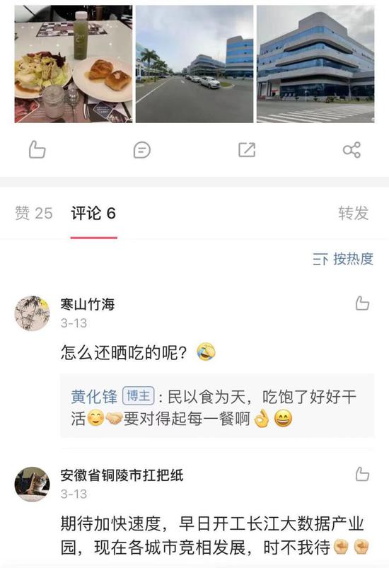值得关注的是,黄化锋会在在微博上用幽默的语气主动回应网友的评论,甚至面对网友指出的“错别字”,他也能虚心接受。例如在他3月13日发的一条考察平谦国际(广州)南沙产业园的大数据产业园的微博里配了一张在广州考察时在酒店吃自助餐的图片。有网友留言调侃“怎么还晒吃的呢?”,黄化锋回复称“民以食为天,吃饱了好好干活,要对得起每一餐啊。”
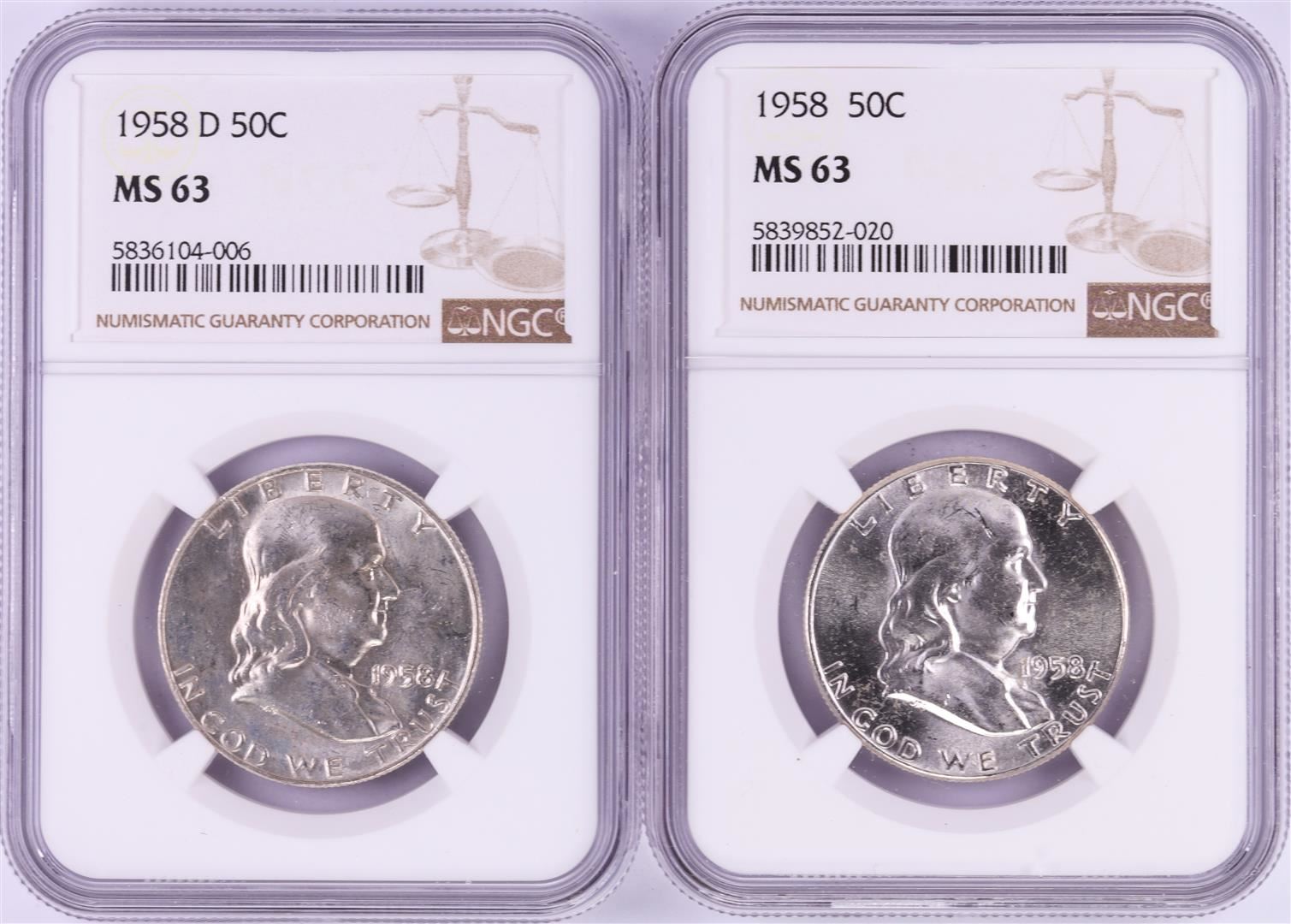 One Lot of 1958 & 1958-D Franklin Half Dollar Coins NGC MS63. NGC Certified.
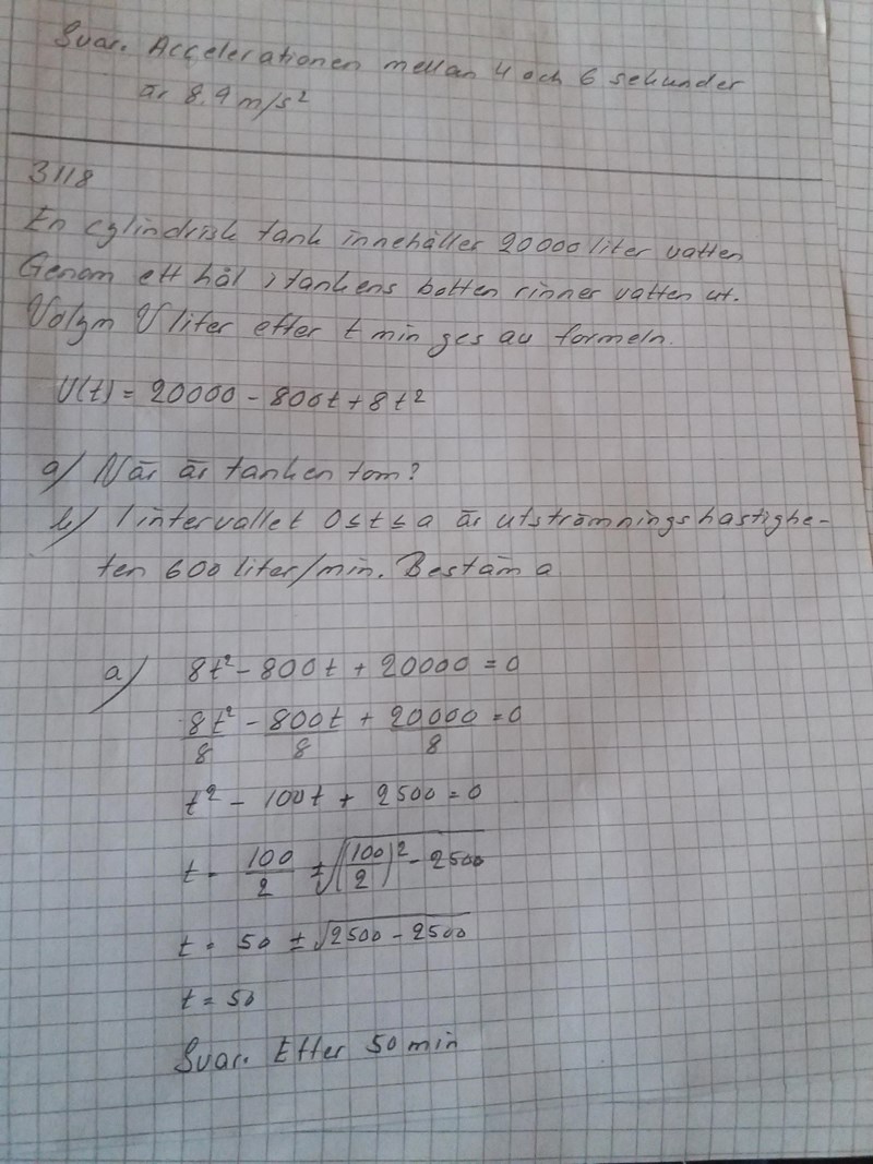 Volymen är 20000 L. Volymen var 20000l och efter 50 minuter blev tanken tom.
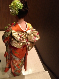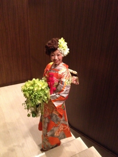 先日の花嫁さんはずっとお世話になっているプランナーさん。中座の衣装はお母様の振袖で、しかもご自分も成人式にもお召しになった思い出深い大切な物。お目出度い熨斗目模様で、絞りも混ざった美しい着物。
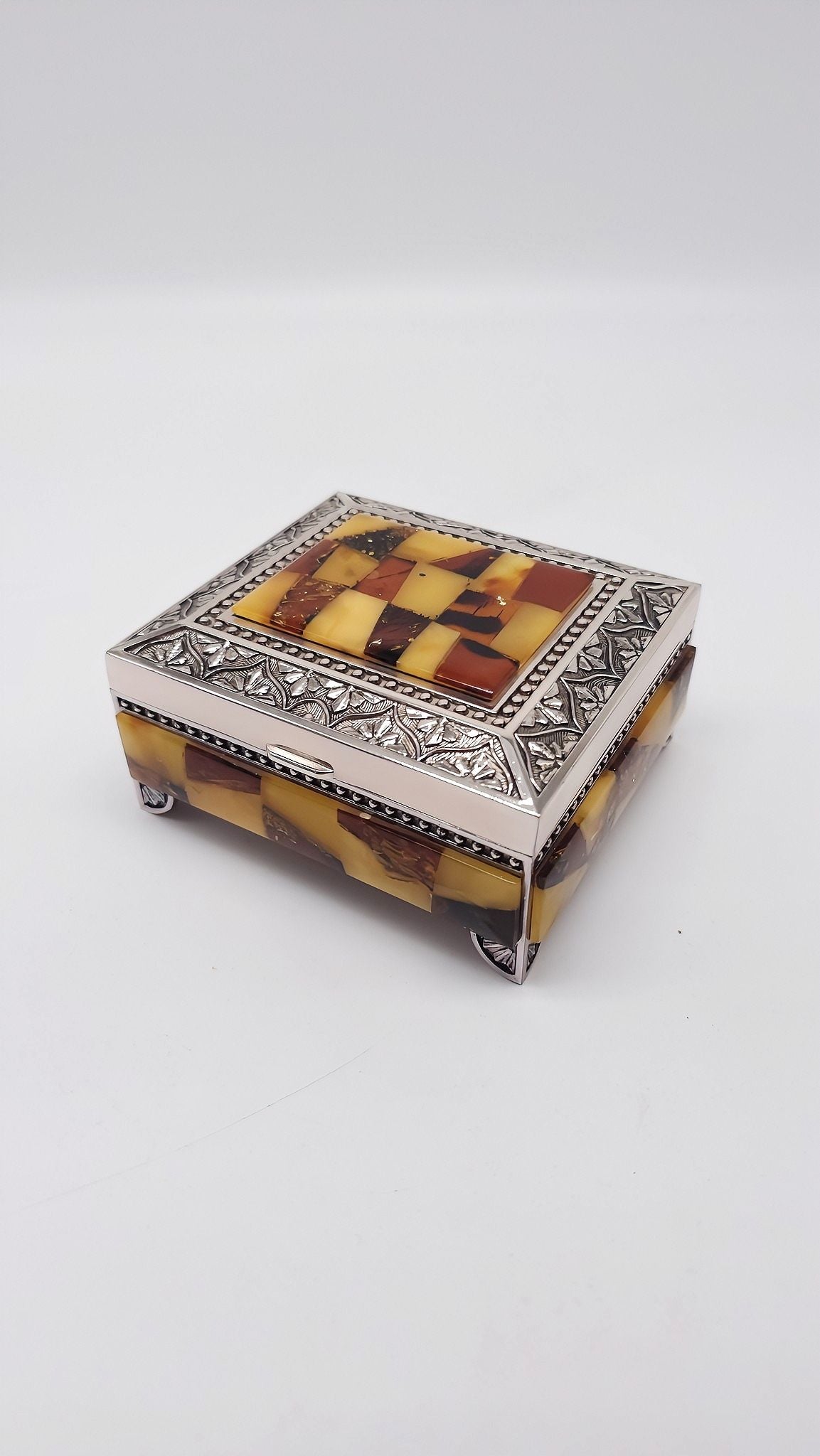 Dieses exquisite Schmuckkästchen vereint die natürliche Schönheit von echtem Bernstein mit kunstvoll gearbeiteten Silberverzierungen. Die warmen Bernsteintöne, angeordnet in einem Schachbrettmuster, harmonieren perfekt mit den filigranen Details der Box. Im Inneren bietet das Kästchen großzügigen Platz für Ihre wertvollsten Schmuckstücke und bewahrt sie sicher und stilvoll auf. Ideal als Geschenk oder als Highlight auf Ihrem Schminktisch – dieses handgefertigte Schmuckkästchen ist ein Ausdruck von Luxus und Eleganz.
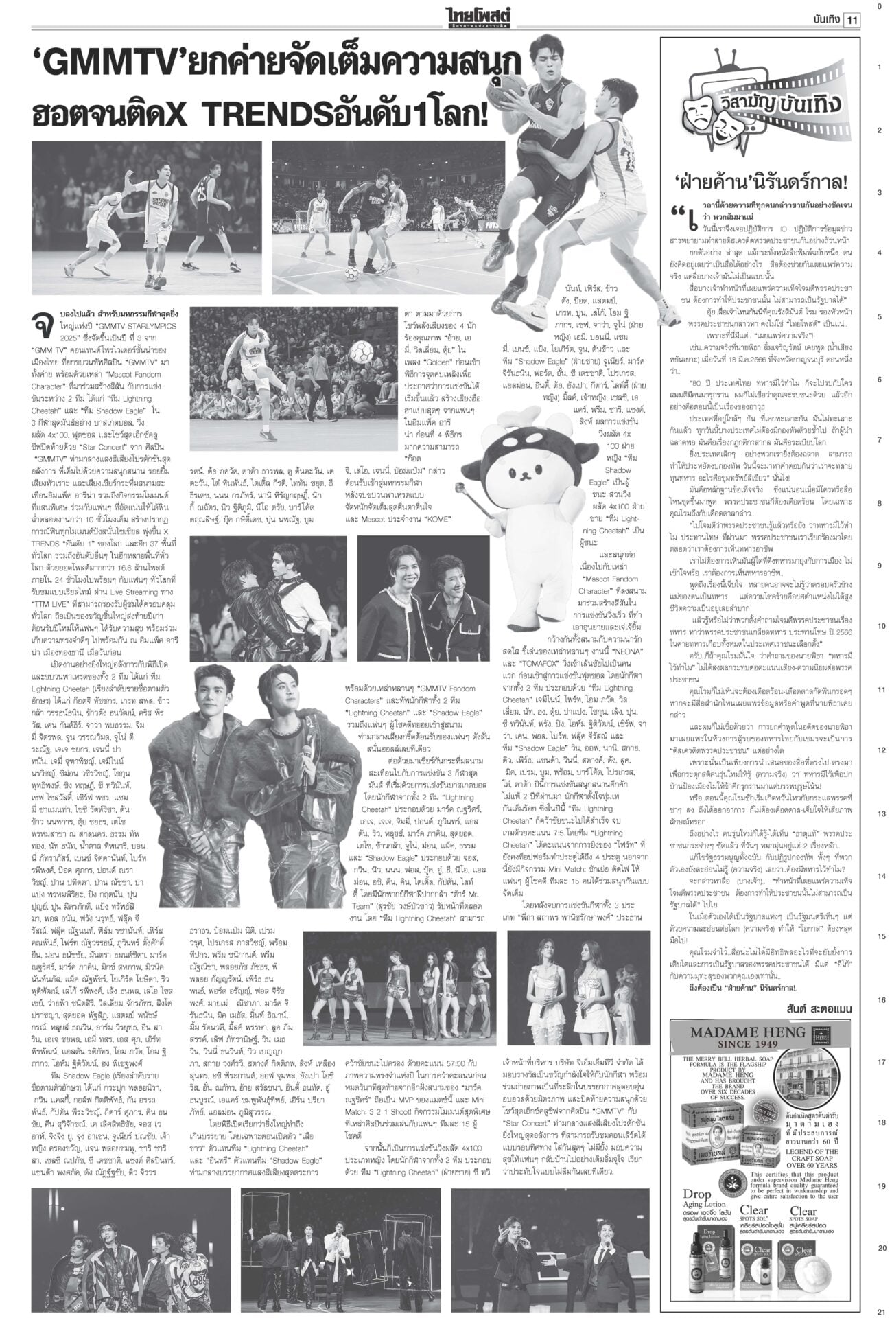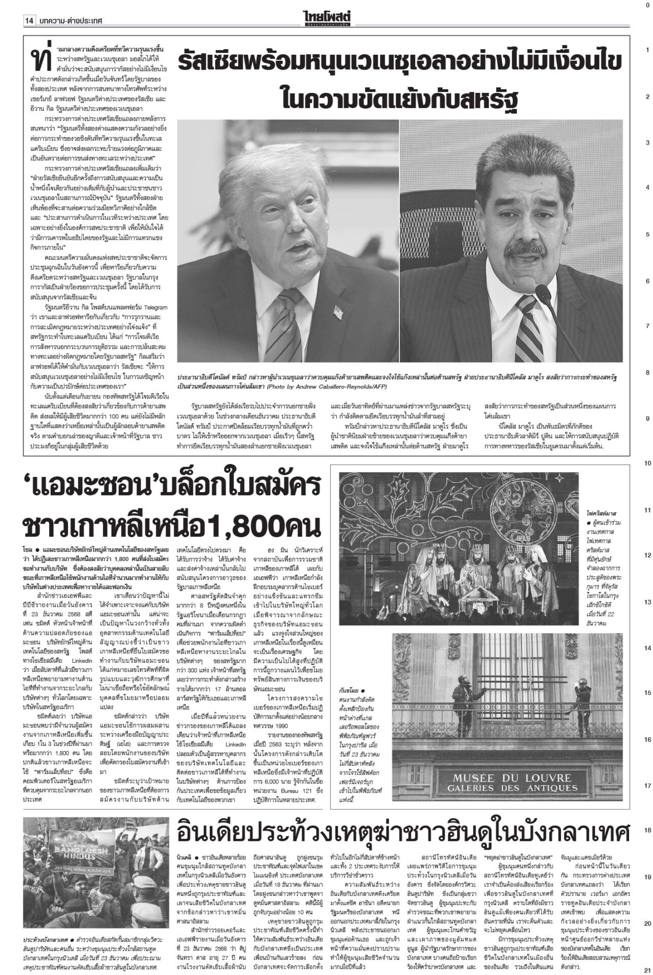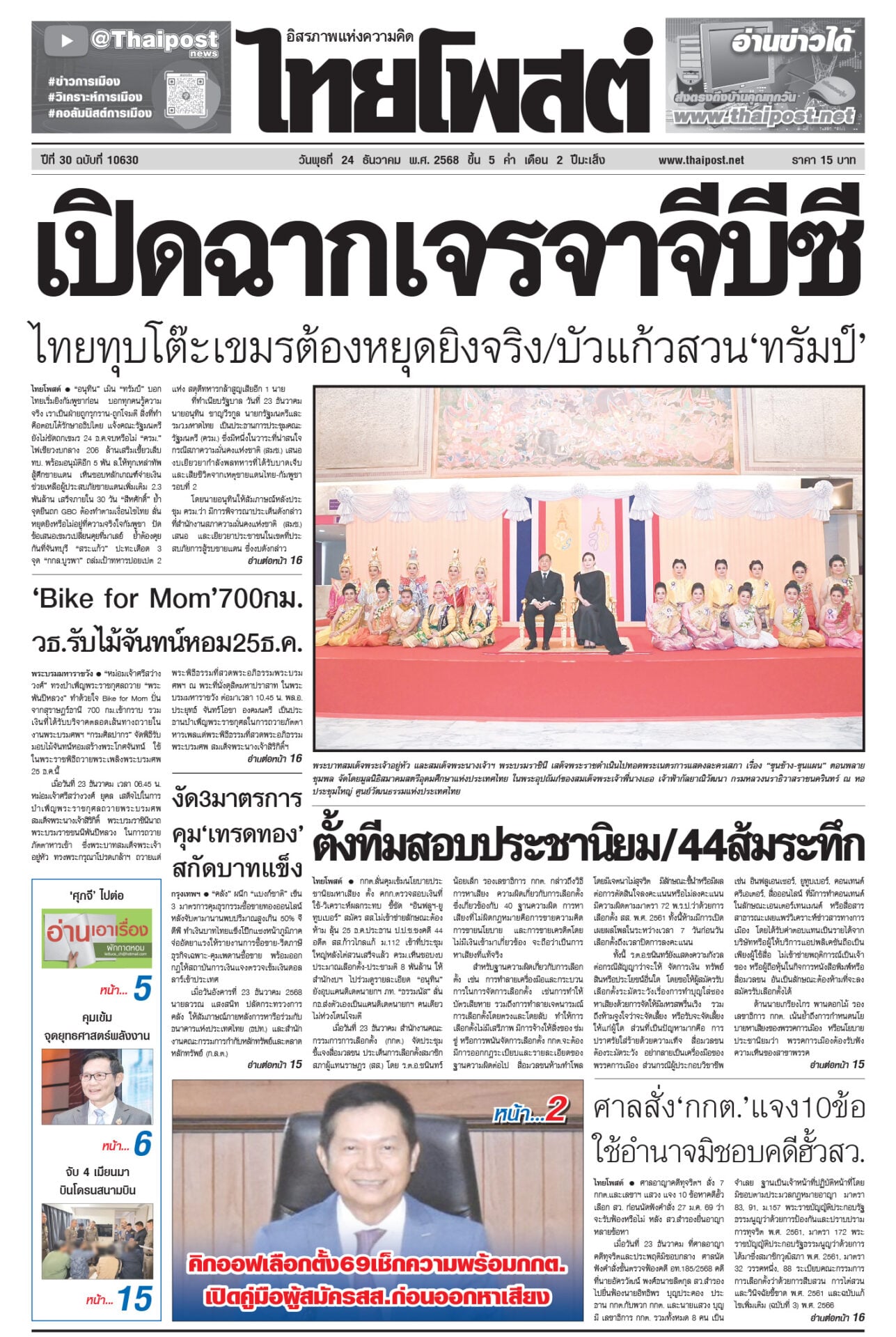 หนังสือพิมพ์ฉบับวันที่ 24 ธันวาคม 2568ข่าวหน้าหนึ่งเปิดฉากเจรจาจีบีซี ไทยทุบโต๊ะเขมรต้องหยุดยิงจริง/บัวแก้วสวน‘ทรัมป์’“อนุทิน” เมิน “ทรัมป์” บอกไทยเริ่มยิงกัมพูชาก่อน บอกทุกคนรู้ความจริง ตั้งทีมสอบประชานิยม/44ส้มระทึกกกต.ลั่นคุมเข้มนโยบายประชานิยมหาเสียง ตั้ง คกก.ตรวจสอบเงินที่ใช้-วิเคราะห์ผลกระทบ ชี้ชัด “อินฟลูฯ-ยูทูบเบอร์” สมัคร สส. ศาลสั่ง‘กกต.’แจง10ข้อ ใช้อำนาจมิชอบคดีฮั้วสว.ศาลอาญาคดีทุจริตฯ สั่ง 7 กกต.และเลขาฯ แสวง แจง 10 ข้อหาคดีฮั้วเลือก สว. งัด3มาตรการ คุม‘เทรดทอง’ สกัดบาทแข็ง“คลัง” ผนึก “แบงก์ชาติ” เข็น 3 มาตรการคุมธุรกรรมซื้อขายทองออนไลน์ ‘Bike for Mom’700กม. วธ.รับไม้จันทน์หอม25ธ.ค.“หม่อมเจ้าศรีสว่างวงศ์” ทรงบำเพ็ญพระราชกุศลถวาย “พระพันปีหลวง”
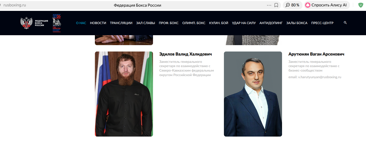 Так, Кремлёв долгие годы был секретарем Федерации бокса России, Рубежный же является высшим наблюдателем федерации. И, к слову, Арутюнян в той же федерации - замгенсекретаря по взаимодействию с бизнес-сообществом. Интересное совпадение, не так ли?
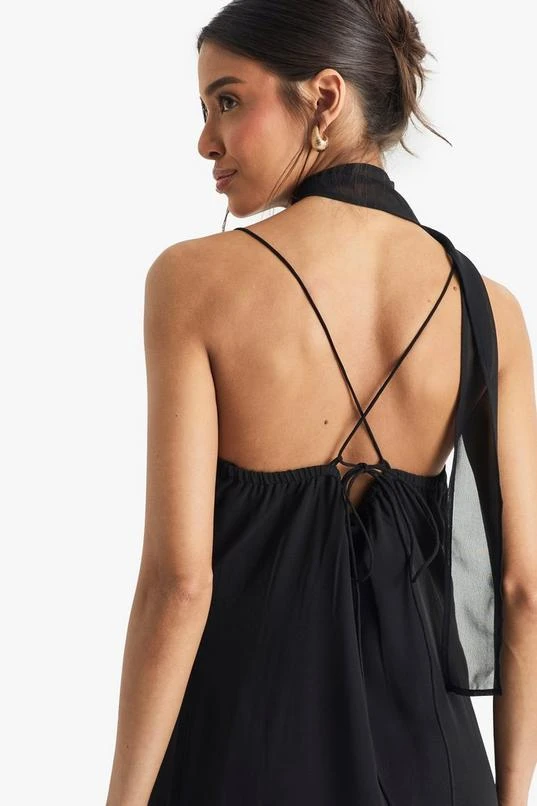 BOOHOO Chiffon Slip Dress With Neck Tie

----------

**Task statement**
Exactly as written, please copy out the whole set of records, skipping images.

**Answer space**
值得关注的是,黄化锋会在在微博上用幽默的语气主动回应网友的评论,甚至面对网友指出的“错别字”,他也能虚心接受。例如在他3月13日发的一条考察平谦国际(广州)南沙产业园的大数据产业园的微博里配了一张在广州考察时在酒店吃自助餐的图片。有网友留言调侃“怎么还晒吃的呢?”,黄化锋回复称“民以食为天,吃饱了好好干活,要对得起每一餐啊。”
 One Lot of 1958 & 1958-D Franklin Half Dollar Coins NGC MS63. NGC Certified.
 Volymen är 20000 L. Volymen var 20000l och efter 50 minuter blev tanken tom.
 先日の花嫁さんはずっとお世話になっているプランナーさん。中座の衣装はお母様の振袖で、しかもご自分も成人式にもお召しになった思い出深い大切な物。お目出度い熨斗目模様で、絞りも混ざった美しい着物。
 Dieses exquisite Schmuckkästchen vereint die natürliche Schönheit von echtem Bernstein mit kunstvoll gearbeiteten Silberverzierungen. Die warmen Bernsteintöne, angeordnet in einem Schachbrettmuster, harmonieren perfekt mit den filigranen Details der Box. Im Inneren bietet das Kästchen großzügigen Platz für Ihre wertvollsten Schmuckstücke und bewahrt sie sicher und stilvoll auf. Ideal als Geschenk oder als Highlight auf Ihrem Schminktisch – dieses handgefertigte Schmuckkästchen ist ein Ausdruck von Luxus und Eleganz.
 หนังสือพิมพ์ฉบับวันที่ 24 ธันวาคม 2568ข่าวหน้าหนึ่งเปิดฉากเจรจาจีบีซี ไทยทุบโต๊ะเขมรต้องหยุดยิงจริง/บัวแก้วสวน‘ทรัมป์’“อนุทิน” เมิน “ทรัมป์” บอกไทยเริ่มยิงกัมพูชาก่อน บอกทุกคนรู้ความจริง ตั้งทีมสอบประชานิยม/44ส้มระทึกกกต.ลั่นคุมเข้มนโยบายประชานิยมหาเสียง ตั้ง คกก.ตรวจสอบเงินที่ใช้-วิเคราะห์ผลกระทบ ชี้ชัด “อินฟลูฯ-ยูทูบเบอร์” สมัคร สส. ศาลสั่ง‘กกต.’แจง10ข้อ ใช้อำนาจมิชอบคดีฮั้วสว.ศาลอาญาคดีทุจริตฯ สั่ง 7 กกต.และเลขาฯ แสวง แจง 10 ข้อหาคดีฮั้วเลือก สว. งัด3มาตรการ คุม‘เทรดทอง’ สกัดบาทแข็ง“คลัง” ผนึก “แบงก์ชาติ” เข็น 3 มาตรการคุมธุรกรรมซื้อขายทองออนไลน์ ‘Bike for Mom’700กม. วธ.รับไม้จันทน์หอม25ธ.ค.“หม่อมเจ้าศรีสว่างวงศ์” ทรงบำเพ็ญพระราชกุศลถวาย “พระพันปีหลวง”
 Так, Кремлёв долгие годы был секретарем Федерации бокса России, Рубежный же является высшим наблюдателем федерации. И, к слову, Арутюнян в той же федерации - замгенсекретаря по взаимодействию с бизнес-сообществом. Интересное совпадение, не так ли?
 BOOHOO Chiffon Slip Dress With Neck Tie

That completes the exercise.